By Bernd Pulverer, EMBO

As preprint posting takes hold in the biosciences community, we need both quality control and curation to ensure we share results in a reproducible and discoverable manner

The EC has taken the bold step – at least on paper – to proclaim a Europe that is by 2020 to be ‘Open Innovation’, ‘Open Science’ and, thankfully, ‘Open to the World’. The Open Science piece includes an ongoing project ‘The Open Science cloud’ as well as a dedicated online publishing/preprint platform – details pending at the time of writing. The promise of Open Science is of course no less than to dramatically increase the efficiency of the scientific process. Given the speed of these developments, now is the time to face up to a key issue in the life sciences: the question of trust and quality of data shared by Open Science mechanisms. Clearly, a 24/7 release of raw data by all labs will rapidly clog up even the most powerful repositories, while providing only limited benefit to the community. Without the provision of stable, structured databases and repositories that are curated and quality-controlled, we risk sinking in a swamp of data that will be largely ignored.

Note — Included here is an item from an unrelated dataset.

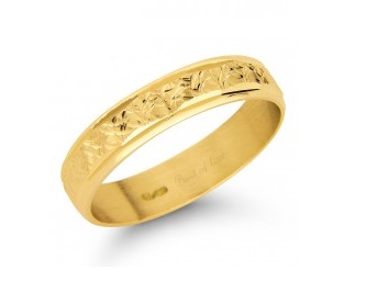 Beat Of Love sarjan keltakultainen kuvioitu kihlasormus 14 ka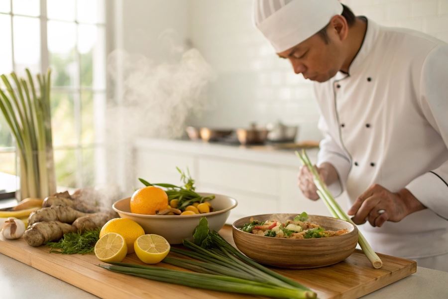 Ta kompozycja doskonale uzupełnia wietnamskie marynaty do ryb i owoców morza, a także tajskie curry. W pho bo i innych wietnamskich zupach dodaje głębi smaku, choć różni się nieco od oryginalnego profilu trawy cytrynowej.

Clearly, preprints ought to play a key part in any Open Science agenda as a bridge between data and research papers. Preprints are growing exponentially and are poised to be accepted as a community standard in the biosciences. Now is the time to establish mechanisms that ensure we select for rigorous results that are associated with sufficient metadata to render them reproducible and discoverable. In the physical sciences, arXiv has evolved a large and proactive community of volunteers that screen thousands of prospective posts each month. Plans for the semi-automation of these processes are pending. bioRXiv has taken a similar approach with a collegium of volunteers who do the most basic of assessments: ‘does the preprint look like a scientific paper’. In my view, while laudable and necessary, this will not be sufficient in the long run. To be sure, key to the success of preprints is ease and speed of submission. As the volume is increasing exponentially, we need to find scalable ways to integrate quality control steps that reinforce the rigor and utility of the science shared, while posing minimal friction for researchers.

Reproducibility

We need to ensure preprints include sufficient metadata to render the experimental data reproducible by others. This is an opportunity to go beyond what the average scientific journal can muster by fortifying emerging authoring tools with templated methods sections that allow for the reporting of materials and methods in a structured, machine-readable way (including, where available, reagent bar coding and link-outs to resources that report detailed protocols and allow the unequivocal identification of specific reagents).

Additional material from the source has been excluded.